Thank you for the question. The Social Security system is complex across the board, and spousal (and ex-spousal) benefits may be the most complicated of all, whether you’re married, divorced or widowed. But as confusing as the system is, it’s definitely worth digging into the details—especially for women, who face unique financial challenges when it comes to retirement: namely, longer lifespan, lower pay, less time in the workforce and often a lower Social Security benefit.

That said, all of what follows applies equally to men.

Basic spousal benefit

The spousal benefit allows a wife or husband (including a spouse who has never worked) to collect up to 50% of what a working spouse’s Social Security benefit would be at full retirement age (FRA).
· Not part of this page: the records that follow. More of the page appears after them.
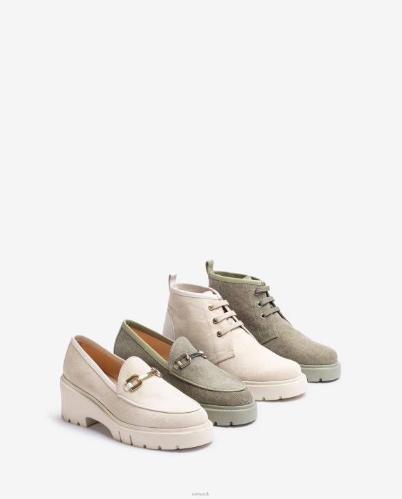 Loafers made of Ecolino fabric, made of 100% waste plastic bottles, resistant, durable and very light. Embellished with a matching band detail on the instep. Non-slip Evalite rubber sole, lightweight and very flexible, with a 2.3 cm platform and 6 cm high heel.
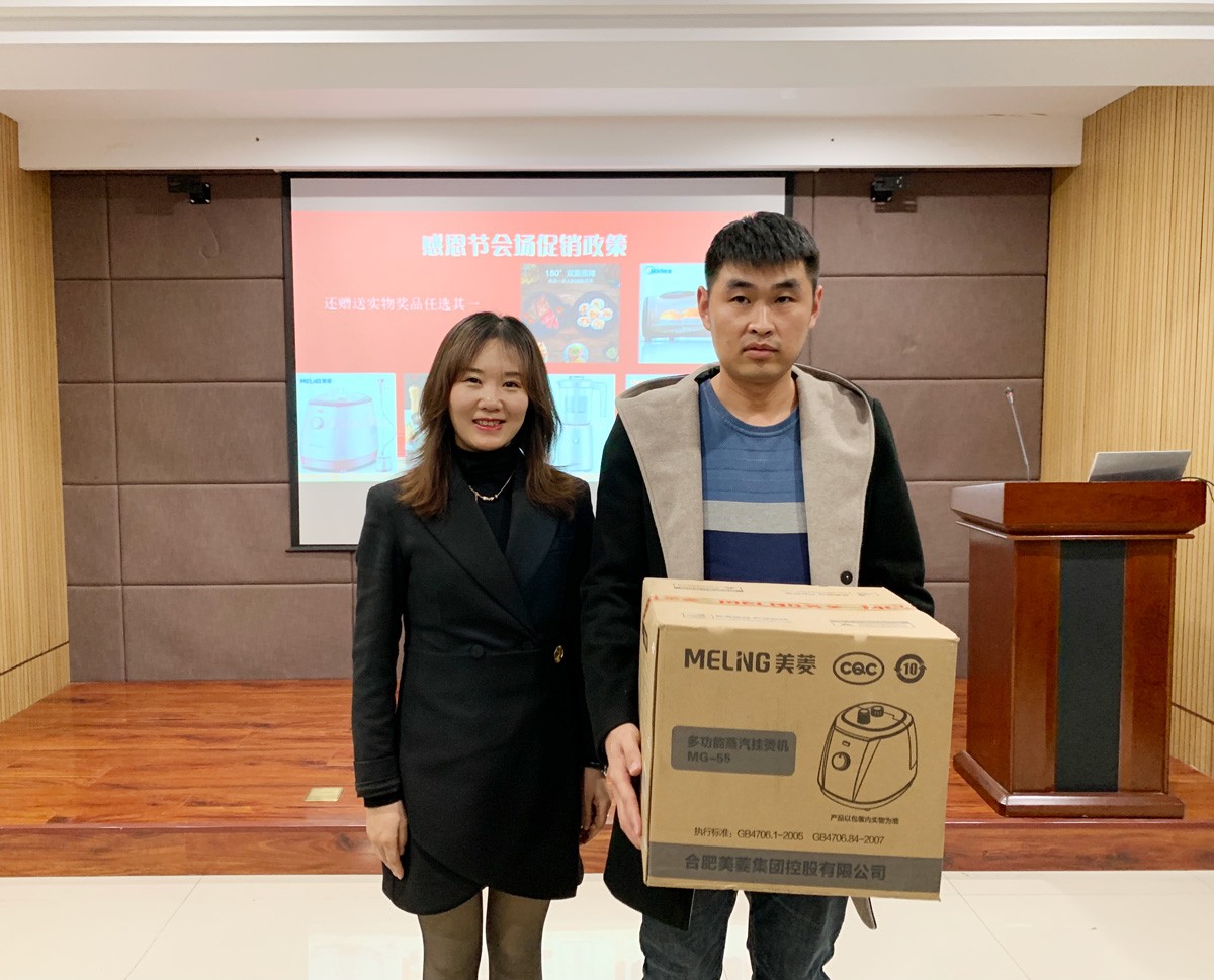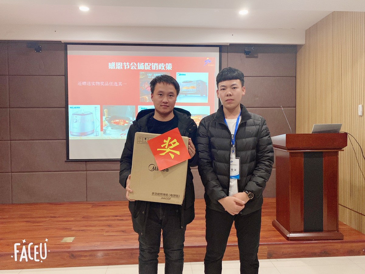 會議進入尾聲,總經(jīng)理李霖為在場的客戶朋友們發(fā)布了感恩節(jié)鉅惠政策。到場的大家在聽會后紛紛表示對慧優(yōu)采產(chǎn)品具有極高的興致,龍冠門業(yè)張總也在第一時間宣布成單,熱烈的洽談合作隨即展開。驚喜的是,我們?yōu)槊恳晃滑F(xiàn)場合作的客戶都安排了一份成單禮品。搞活動,我們是認(rèn)真的。
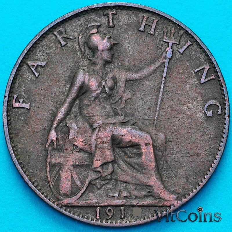 Монета Великобритания 1 фартинг 1913 год.
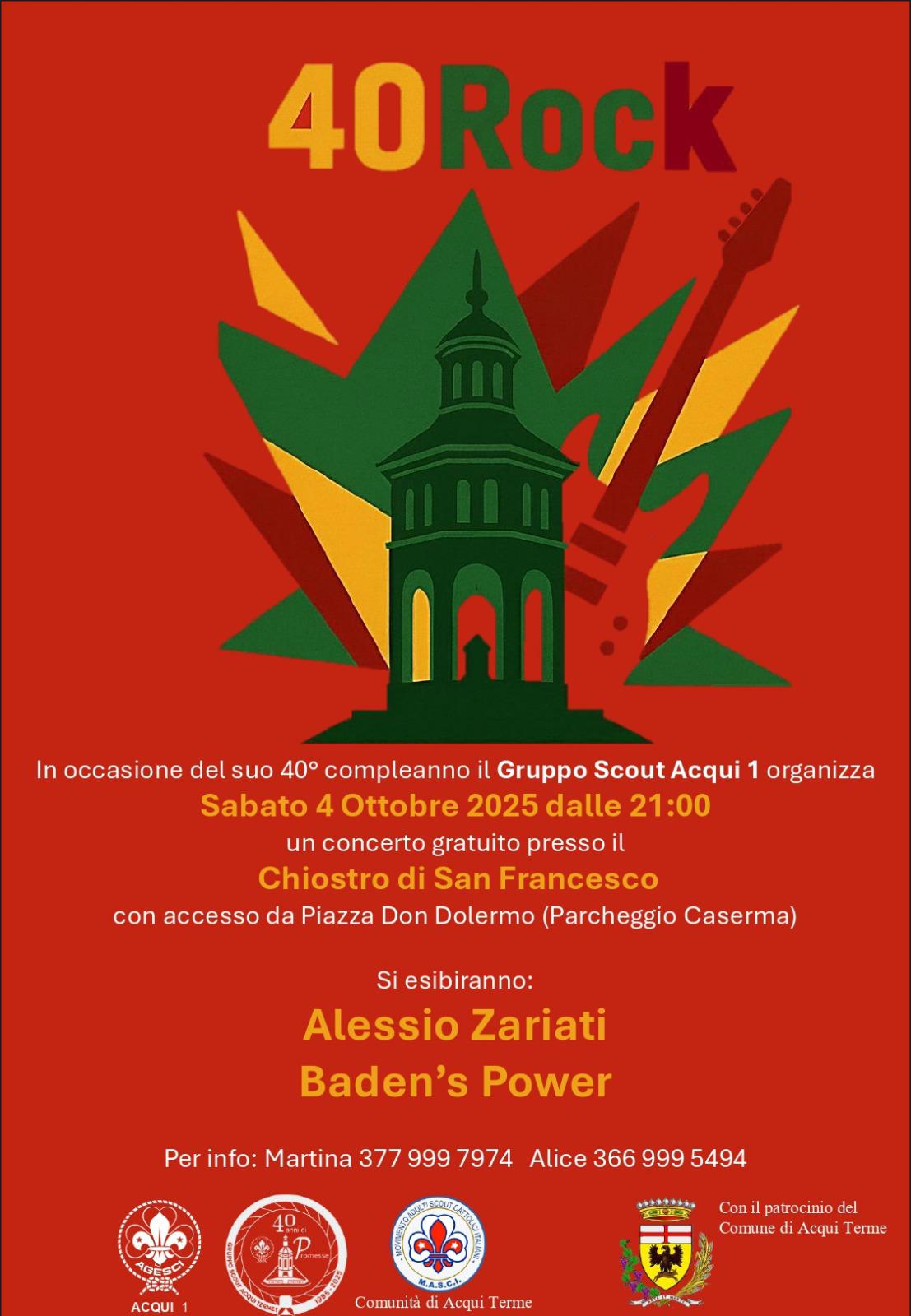 In occasione del suo 40° compleanno il Gruppo scout 1 organizza un concerto gratuito presso il Chiostro di San Francesco Si esibiranno:
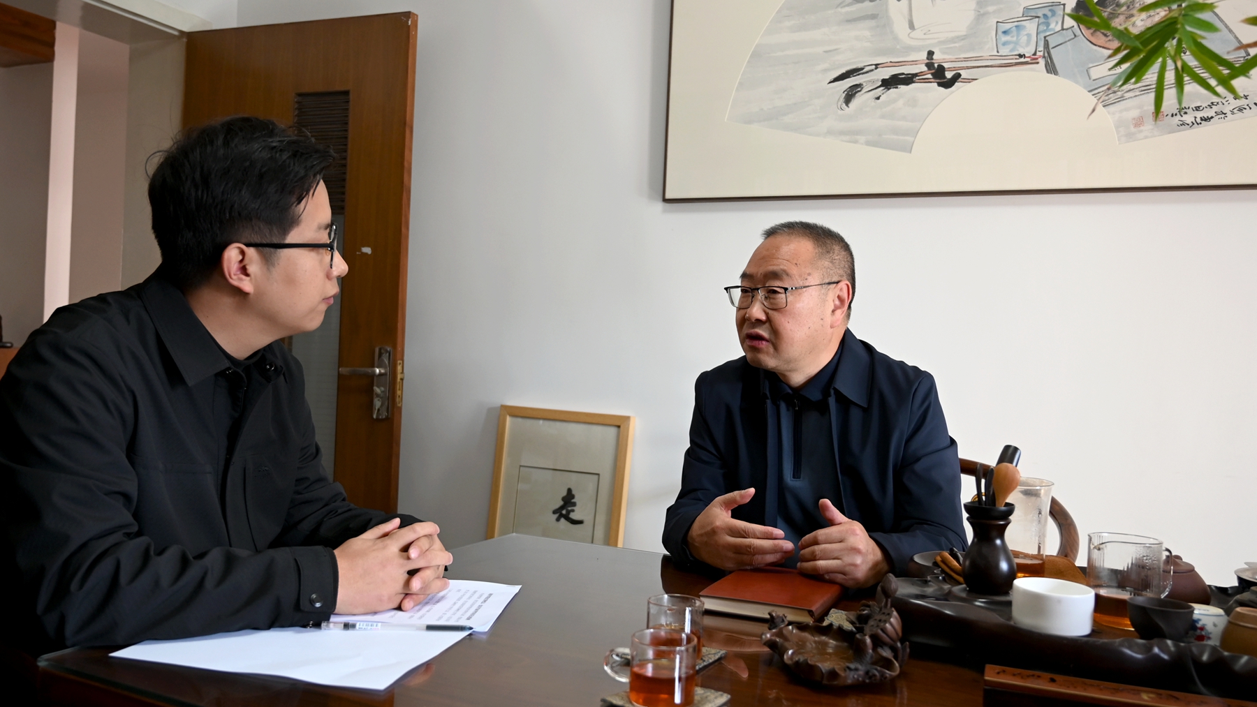 接到采访邀约后,李育善老师欣然同意。循着李老师提供的地址,记者很快找到了他的住所兼工作室。古朴简单的陈设,精巧雅致的摆件,塞满各类典籍的整墙书架,无不透露着严谨、治学、钻研的气息。李老师笑脸盈盈地安排大家落座,烧水泡茶,就像是曾经熟悉的一位长辈一样,他的热情与和善让人感动和放松。

Here are the essentials:

  • To receive a spousal benefit, your spouse must already have filed.
  • The spousal benefit isn’t affected by reductions or increases in a working spouse’s benefits due to early or delayed filing.
  • You can file for a spousal benefit as early as age 62, but it will be reduced permanently if you file before your FRA.
  • The spousal benefit doesn’t increase if you wait to file until after your FRA—there’s no gain in waiting a minute longer.

Spousal benefit with your own benefit

A provision called “deemed filing” states that when you file for either your own benefit or a spousal benefit, you are deemed to be filing for both. However, from a practical perspective, you get only the higher of the two. (Because you’re eligible to collect only up to 50% of your spouse’s benefit, your primary benefit will typically be less than your spousal benefit only if you had a significantly shorter and/or lower-earning career than your spouse.)

There is one exception, though, that applies only to those who were born before January 2, 1954. If they have reached their FRA and not yet claimed their own benefits, they can file what’s called a “restricted application,” which lets them apply specifically for the spousal benefit and delay taking their own benefit, as it continues to grow until they reach age 70.

Those born on or after January 2, 1954 don’t qualify for a restricted application, so if your own benefit will be higher than your spousal benefit, it’s probably best to wait to file until age 70 to get the maximum Social Security benefit available to you. If your spousal benefit is higher, it’s likely best to hold out until your FRA—but not longer.

Ex-spouse benefit

Basic spousal benefits also apply to those who are divorced, were married a minimum of 10 years and are currently unmarried.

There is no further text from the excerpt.